What about creating an additional uniqueID and a mapping from this ID to the displayed group name?

If a group name is already unique - use the name as ID.
If a group name is duplicated - create unique IDs name1, name2 or sth else.

In the groups field the uniqueID should be stored. (This is a downside as there is a divergence between uniqueID and displayed group name - but I think in most cases groups won't be edited manually so this is not a real issue...)

The ID -> display name map should not be stored in some existing metadata but should be added to a new one. Thus, it should be possible to use the current implementation of the "search logic" by using the unique ID as search term. Also an automatic migration to the new format should be possible, and the groupstree is generally usable in older versions as well...

Only in the UI some bigger changes should be needed to show the display names...

As I have not looked at the groups code for ages... do I miss something? Or would this generally be feasible?

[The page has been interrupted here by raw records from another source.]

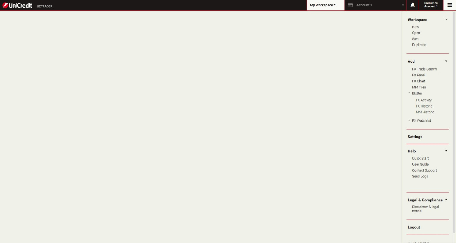 This is the default view of UCTrader. You can change its layout to suit your needs or create additional workspaces to group the information together. This section will show you how
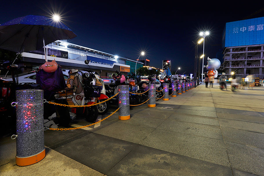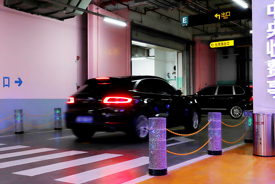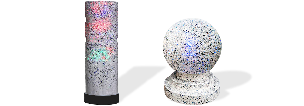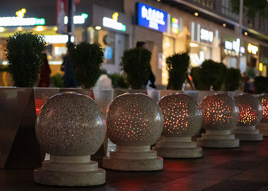 新型路障石材具有擋車功能,提升場所的形象和安全性,夜晚展現(xiàn)出特別絢麗的效果
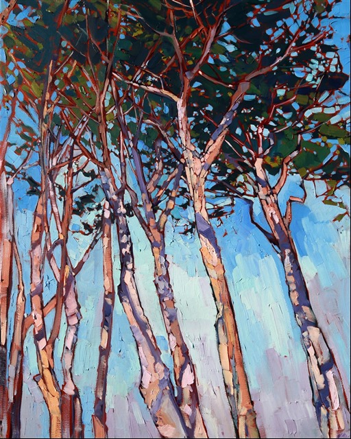 Erin devoted three years to perfecting the technology of 3D art printing in a quest to create a fine art print that captured her vibrant colors and reproduced the texture crucial to her artistic vision. The rhythms of texture in her luscious, impasto oil paintings communicate the movement and joy she finds in nature.
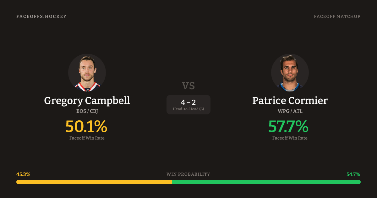 Gregory Campbell vs Patrice Cormier — Faceoff Head-to-Head

I haven't followed the whole history of the groups format, but it looks to me like most of these comments boil down to "let's just go back to groups format 3". If the point of groups format after-3 (4?) was that you could edit the group assignment in the entry itself without having to look up stuff elsewhere, none of the above seem to accomplish that.

Can't we just copy the hierarchical tags idea for groups as suggested above? So something like

  • Asthma

    • Treatment

  • Diabetes

    • Treatment

would be represented as

groups = { Asthma/Treatment, Diabetes/Treatment }

(or whatever other separator is deemed more appropriate) and have JabRef figure out on its own how that translates visually.

@retorquere To use this as an identifier for the groups would be possible, too. But this would cause either a lot of overhead if groups are moved in the tree, or would lead to inconsistencies between the actual position in the tree vs. the assumed position in the tree:

Let's assume that the structure:

  • Asthma

    • Treatment

  • Diabetes

Is changed to:

  • Asthma
  • Diabetes

    • Treatment

The entries assigned to this group would have the "key" groups = { Asthma/Treatment } although the "Treatment" group is now a subgroup of "Diabetes". And changing the keys of all affected entries would massively affect the performance in huge databases... 馃槥

@matthiasgeiger then perhaps the desiderata "easy to edit by hand with no more context than the reference" (groups format post-3) and "easy to keep consistent and well-performing" (groups format 3) are at odds with each other... personally I still prefer format 3; the various downsides discussed above undo the benefits of post-3 from my pov.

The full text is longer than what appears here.